__Entries taken from a collection__.
BEGIN
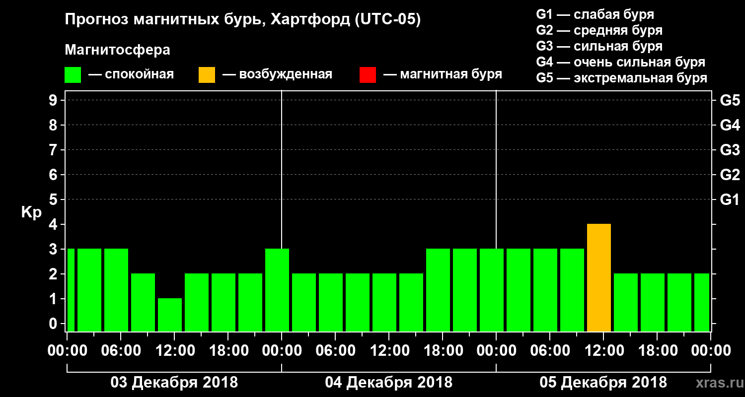 Прогноз магнитных бурь в Хартфорде — 3 декабря 2018 года
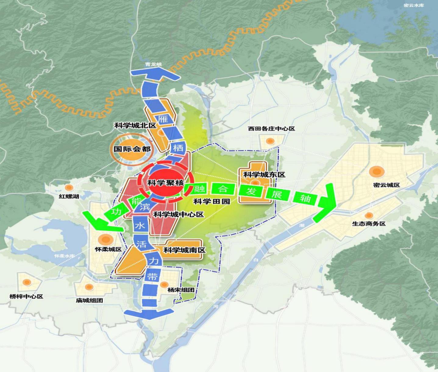 怀柔科学城建设取得全面突破,科学城党工委、管委会正式成立,工作机制逐步健全。北京怀柔综合性国家科学中心成功落户,成为国家重点打造的综合性国家科学中心之一。《怀柔科学城规划(2018年-2035年)》发布实施,科学城详规等一批支撑性规划落地实施,核心区土地一级开发全面完成。科技设施集群正在形成,高能同步辐射光源、脑认知功能图谱、材料基因组等29个科学设施全部开工建设。“怀柔一号”科学卫星成功发射。北京雁栖湖应用数学研究院、纳米能源与系统研究所、清华工研院雁栖湖创新中心、空间宇航技术产业研究院等一批新型研发机构、硬科技孵化器、创新创业平台落地运行,北京怀柔仪器和传感器有限公司挂牌落地,以中科院、高校、企业为主体的科技创新生态初步形成。对外科技交流合作继续深化,国家科学中心国际合作联盟、“一带一路”国际科学组织联盟正式落户。科学城城市框架扎实起步,“远看是花园、近看是家园”的新型城市形态建设有序拉开,城市配套设施持续推进,一零一中学怀柔校区扩建、怀柔医院二期、城市客厅A地块、雁栖国际社区、凯利特公寓等项目全面加快建设。雁栖湖国际会都(以下简称“国际会都”)功能不断完善,扩容提升工程扎实推进,雁柏山庄主体结构完工,融创项目回购完成,栖湖组团实现供地;重大国事活动常态化服务保障机制不断完善,圆满完成两届“一带一路”国际合作高峰论坛等重大国际会议服务保障任务,成功举办世界心血管大会、首届雁栖人才论坛,五年累计举办各类会议会展活动2.8万余场次,成为首都北京的城市“金名片”。中国(怀柔)影视产业示范区(以下简称中国影都)建设取得新成效,北京电影学院新校区一期竣工,制片人总部基地、博纳影业总部等项目稳步推进,影视人才社区和星悦雅园开工建设,成功举办五届北京国际电影节及电影嘉年华,启动“来影都过周末”系列活动。
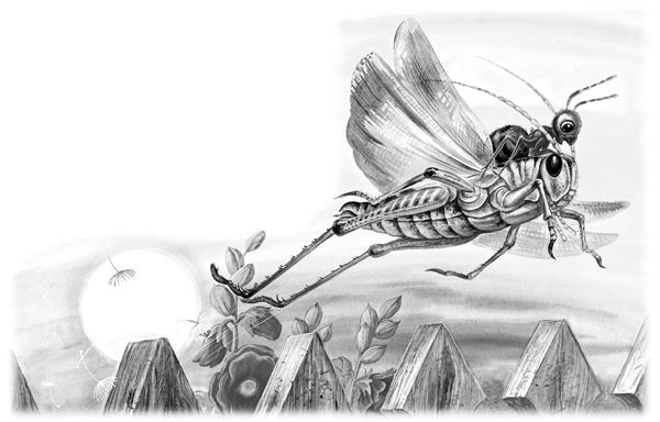 Кузнечик сложил свои длинные задние ноги пополам, потом разом выпрямил их и подскочил высоко в воздух, как Блошачок. Но тут с треском развернулись у него за спиной крылья, перенесли Кузнечика через забор и тихонько опустили на землю.
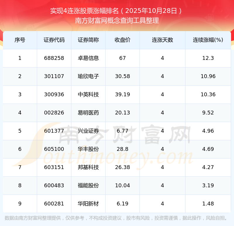 2025年10月28日實(shí)現(xiàn)4連漲股票漲幅排名
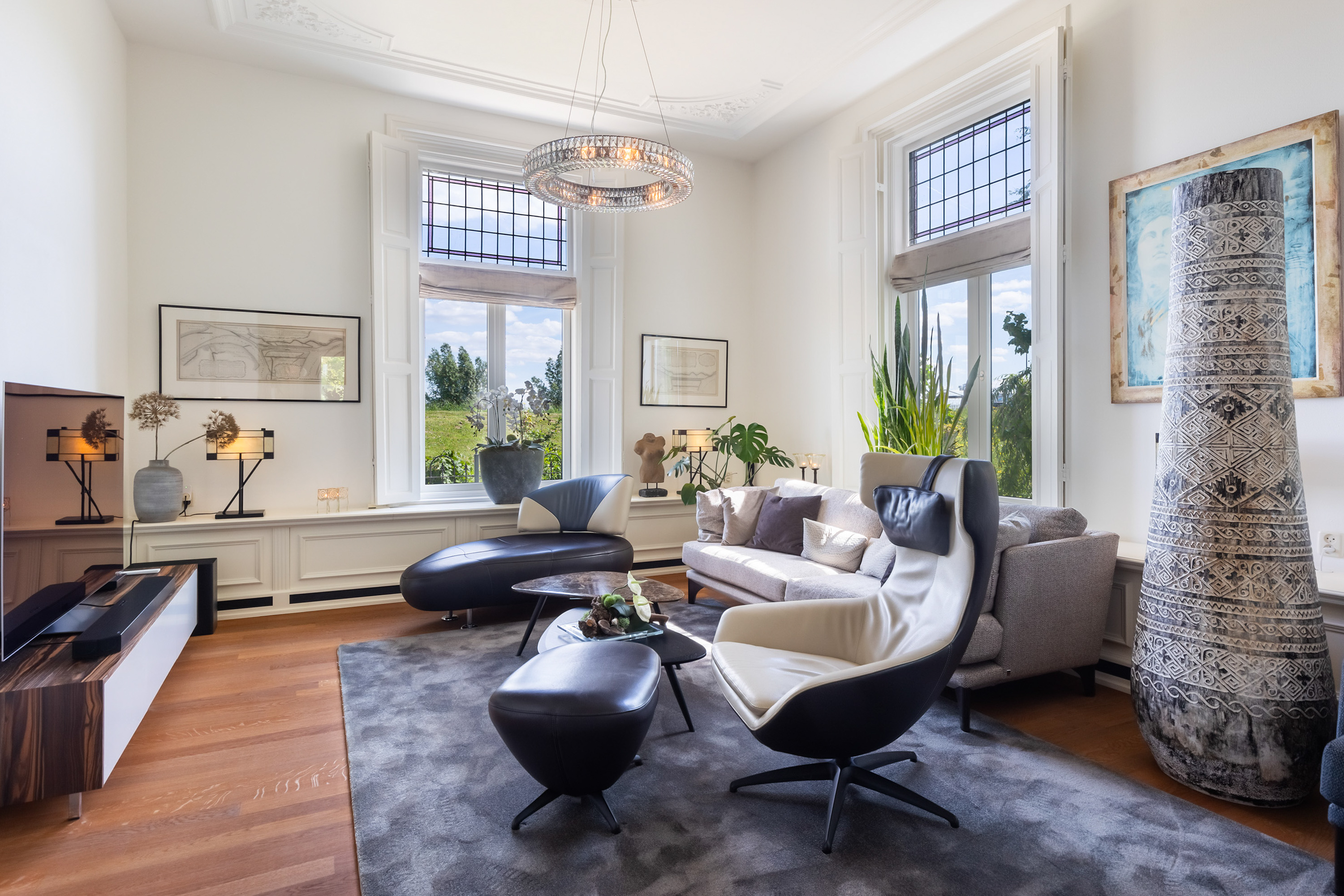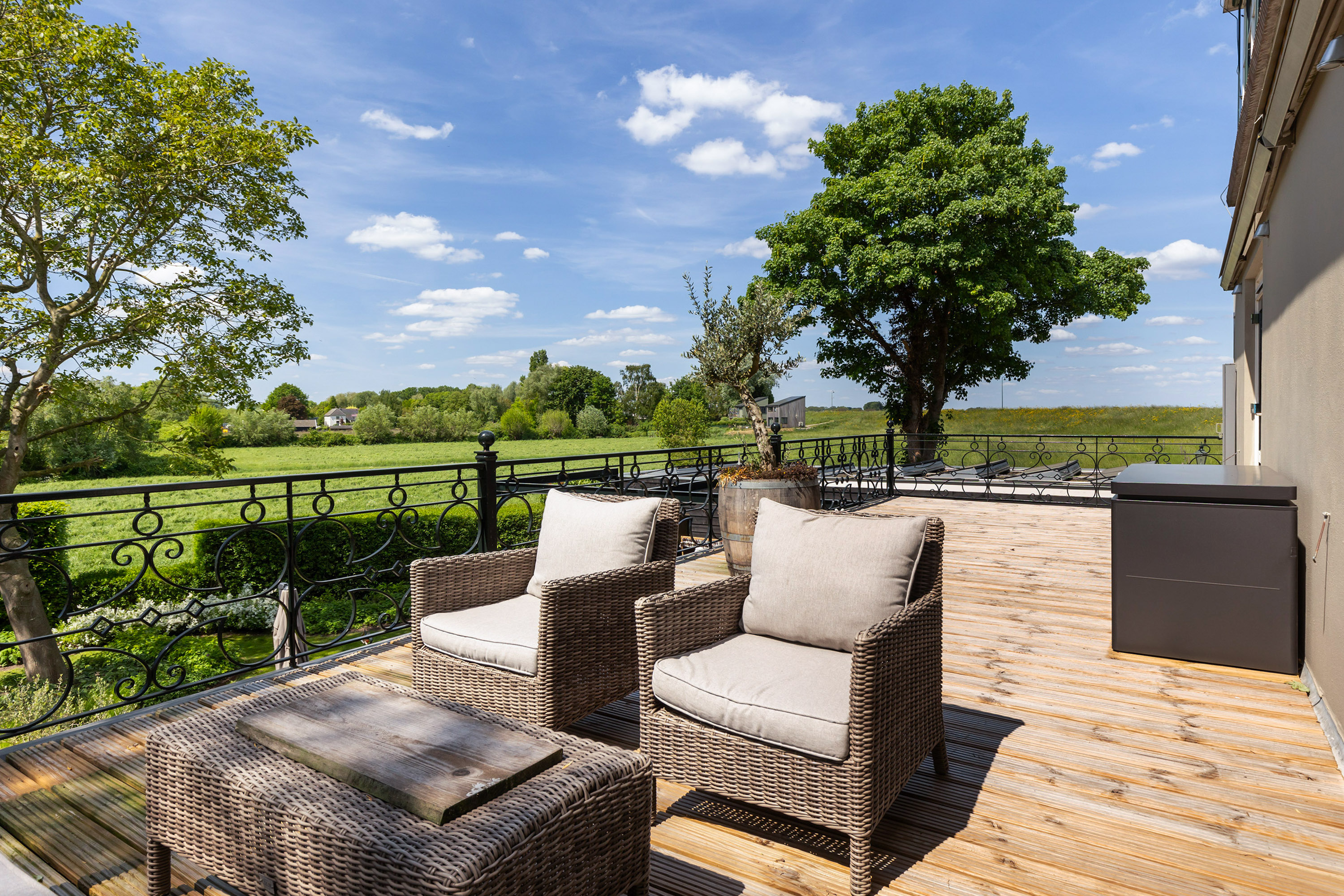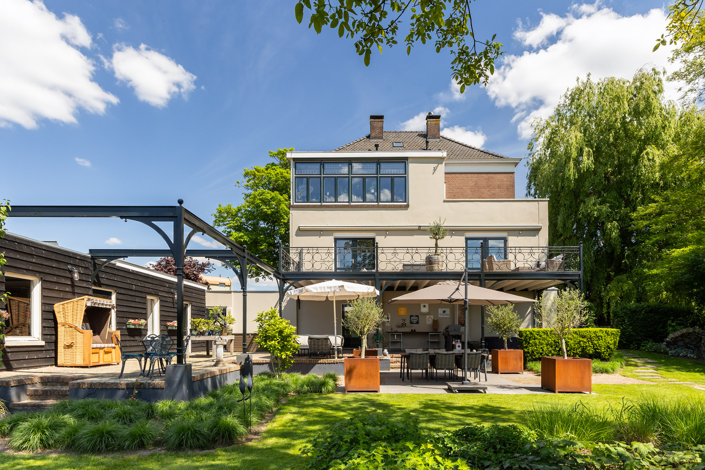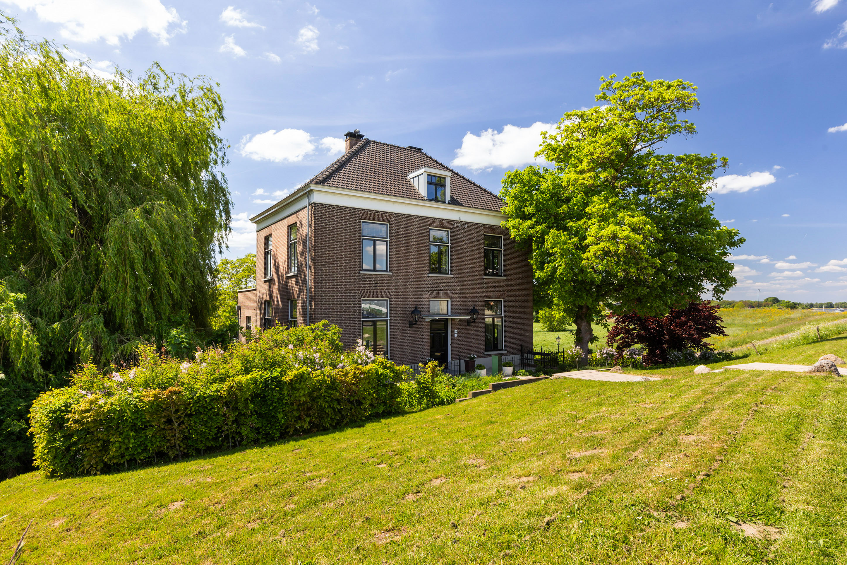 Villa Millingen aan de Rijn si trova ai margini della riserva naturale protetta Gelderse Poort, su un'altura che domina la confluenza dei fiumi Reno e Waal. Questa villa, originariamente residenza del gestore della tenuta, è stata meticolosamente restaurata per integrare il fascino storico con un lusso contemporaneo discreto. La proprietà si estende su un terreno completamente recintato di 1.334 m², dove giardini paesaggistici regalano un'intimità stratificata, serenità e viste panoramiche sull’acqua e sulla campagna circostante.
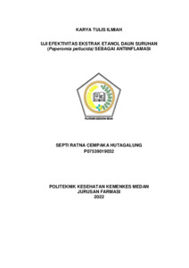 HUTAGALUNG, SEPTI RATNA CEMPAKA HUTAGALUNG (2022) UJI EFEKTIVITAS EKSTRAK ETANOL DAUN SURUHAN (Peperomia pellucida) SEBAGAI ANTIINFLAMASI. Diploma thesis, Poltekkes Kemenkes Medan.
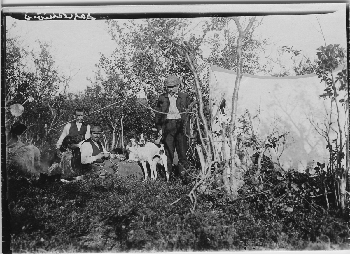 'Från Professor Leonard Axel Jägerskiölds ripjakter vid Fjällåsen. :: :: 3 män och 3 hundar vid en lägereld framför ett tält. Enligt anteckning på baksidan av fotografiet: ''Swärd med sin Seffy, Kihlén, Malmstrand''. Kläder. Klädsel. :: :: Ingår i serie med fotonr. 4312:1-38.'
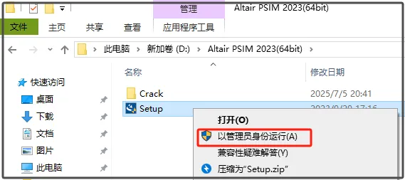 第三步:打开解压后的文件夹,找到【setup】,右击【以管理员身份运行】。
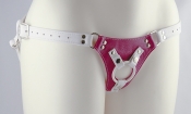 The Pink Candy Jag is fresh, with a sexy Pink leather base accented with luxe white leather straps and a white o ring to show off your favorite toy
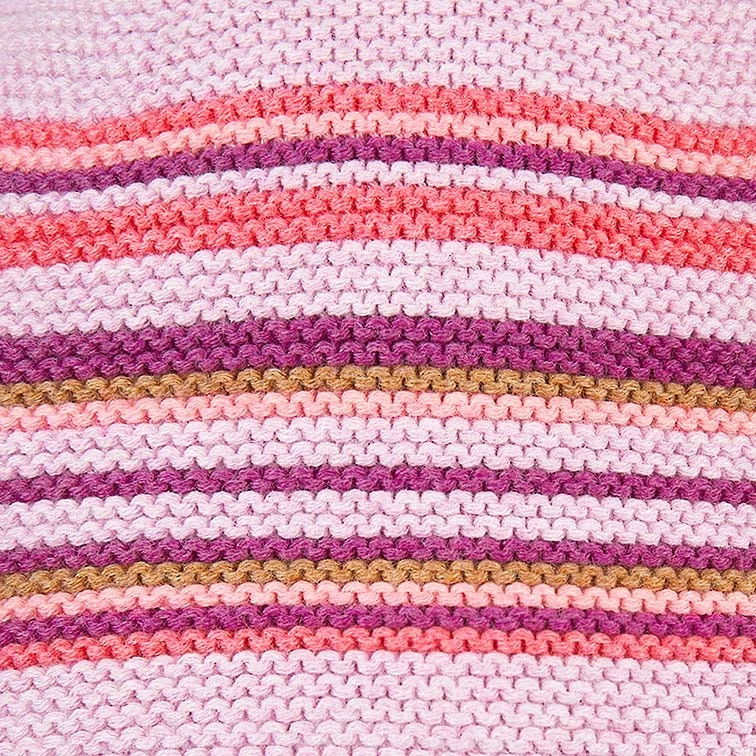 Toshi Earmuff Fantasy is crafted from the finest quality certified 100% organic cotton yarn. Organic certification ensures the beanie is gentle on heads, as well as our precious environment. The beautifully-textured melange yarn brings an element of refinement to this beanie. The Toshi baby beanie features ear flaps for cosy and nurturing protection from the elements. With stripes of a deliciously rich Lavender and Violet colour palette, the Toshi earmuff beanie accessorises vibrantly with a cosy winter wardrobe. Individually coloured pom poms adorn and create a touch of quirky self expression.
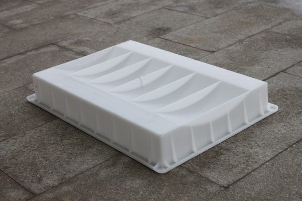 其中,流水石蓋板模具多加強筋設(shè)計,在模具全框架邊布置小型高密度加強筋,在流水石蓋板模具底部則布置大型月牙型加強筋,可以有效的保證在預(yù)制水泥流水石蓋板過程中,模具和水泥成品均不會變形。
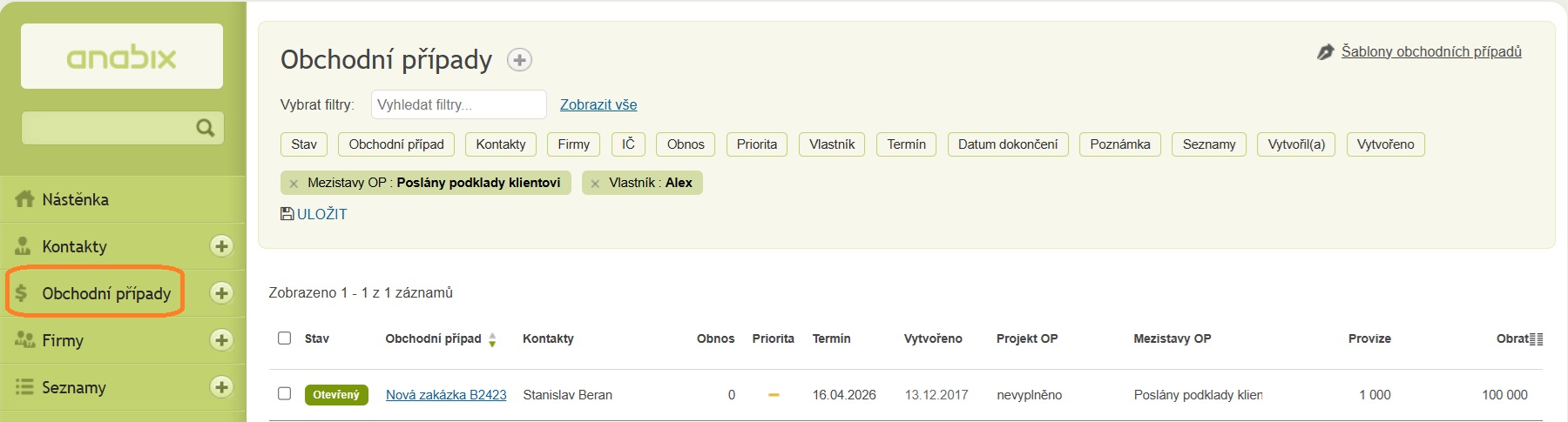 Přehled Obchodní případy v Anabix CRM
END
__EXERCISE INSTRUCTIONS__.
Transcribe the complete set of entries verbatim. No pictures belong in the copy.

__YOUR RESPONSE__.
 Прогноз магнитных бурь в Хартфорде — 3 декабря 2018 года
 怀柔科学城建设取得全面突破,科学城党工委、管委会正式成立,工作机制逐步健全。北京怀柔综合性国家科学中心成功落户,成为国家重点打造的综合性国家科学中心之一。《怀柔科学城规划(2018年-2035年)》发布实施,科学城详规等一批支撑性规划落地实施,核心区土地一级开发全面完成。科技设施集群正在形成,高能同步辐射光源、脑认知功能图谱、材料基因组等29个科学设施全部开工建设。“怀柔一号”科学卫星成功发射。北京雁栖湖应用数学研究院、纳米能源与系统研究所、清华工研院雁栖湖创新中心、空间宇航技术产业研究院等一批新型研发机构、硬科技孵化器、创新创业平台落地运行,北京怀柔仪器和传感器有限公司挂牌落地,以中科院、高校、企业为主体的科技创新生态初步形成。对外科技交流合作继续深化,国家科学中心国际合作联盟、“一带一路”国际科学组织联盟正式落户。科学城城市框架扎实起步,“远看是花园、近看是家园”的新型城市形态建设有序拉开,城市配套设施持续推进,一零一中学怀柔校区扩建、怀柔医院二期、城市客厅A地块、雁栖国际社区、凯利特公寓等项目全面加快建设。雁栖湖国际会都(以下简称“国际会都”)功能不断完善,扩容提升工程扎实推进,雁柏山庄主体结构完工,融创项目回购完成,栖湖组团实现供地;重大国事活动常态化服务保障机制不断完善,圆满完成两届“一带一路”国际合作高峰论坛等重大国际会议服务保障任务,成功举办世界心血管大会、首届雁栖人才论坛,五年累计举办各类会议会展活动2.8万余场次,成为首都北京的城市“金名片”。中国(怀柔)影视产业示范区(以下简称中国影都)建设取得新成效,北京电影学院新校区一期竣工,制片人总部基地、博纳影业总部等项目稳步推进,影视人才社区和星悦雅园开工建设,成功举办五届北京国际电影节及电影嘉年华,启动“来影都过周末”系列活动。
 Кузнечик сложил свои длинные задние ноги пополам, потом разом выпрямил их и подскочил высоко в воздух, как Блошачок. Но тут с треском развернулись у него за спиной крылья, перенесли Кузнечика через забор и тихонько опустили на землю.
 2025年10月28日實(shí)現(xiàn)4連漲股票漲幅排名
 Villa Millingen aan de Rijn si trova ai margini della riserva naturale protetta Gelderse Poort, su un'altura che domina la confluenza dei fiumi Reno e Waal. Questa villa, originariamente residenza del gestore della tenuta, è stata meticolosamente restaurata per integrare il fascino storico con un lusso contemporaneo discreto. La proprietà si estende su un terreno completamente recintato di 1.334 m², dove giardini paesaggistici regalano un'intimità stratificata, serenità e viste panoramiche sull’acqua e sulla campagna circostante.
 HUTAGALUNG, SEPTI RATNA CEMPAKA HUTAGALUNG (2022) UJI EFEKTIVITAS EKSTRAK ETANOL DAUN SURUHAN (Peperomia pellucida) SEBAGAI ANTIINFLAMASI. Diploma thesis, Poltekkes Kemenkes Medan.
 'Från Professor Leonard Axel Jägerskiölds ripjakter vid Fjällåsen. :: :: 3 män och 3 hundar vid en lägereld framför ett tält. Enligt anteckning på baksidan av fotografiet: ''Swärd med sin Seffy, Kihlén, Malmstrand''. Kläder. Klädsel. :: :: Ingår i serie med fotonr. 4312:1-38.'
 第三步:打开解压后的文件夹,找到【setup】,右击【以管理员身份运行】。
 The Pink Candy Jag is fresh, with a sexy Pink leather base accented with luxe white leather straps and a white o ring to show off your favorite toy
 Toshi Earmuff Fantasy is crafted from the finest quality certified 100% organic cotton yarn. Organic certification ensures the beanie is gentle on heads, as well as our precious environment. The beautifully-textured melange yarn brings an element of refinement to this beanie. The Toshi baby beanie features ear flaps for cosy and nurturing protection from the elements. With stripes of a deliciously rich Lavender and Violet colour palette, the Toshi earmuff beanie accessorises vibrantly with a cosy winter wardrobe. Individually coloured pom poms adorn and create a touch of quirky self expression.
 其中,流水石蓋板模具多加強筋設(shè)計,在模具全框架邊布置小型高密度加強筋,在流水石蓋板模具底部則布置大型月牙型加強筋,可以有效的保證在預(yù)制水泥流水石蓋板過程中,模具和水泥成品均不會變形。
 Přehled Obchodní případy v Anabix CRM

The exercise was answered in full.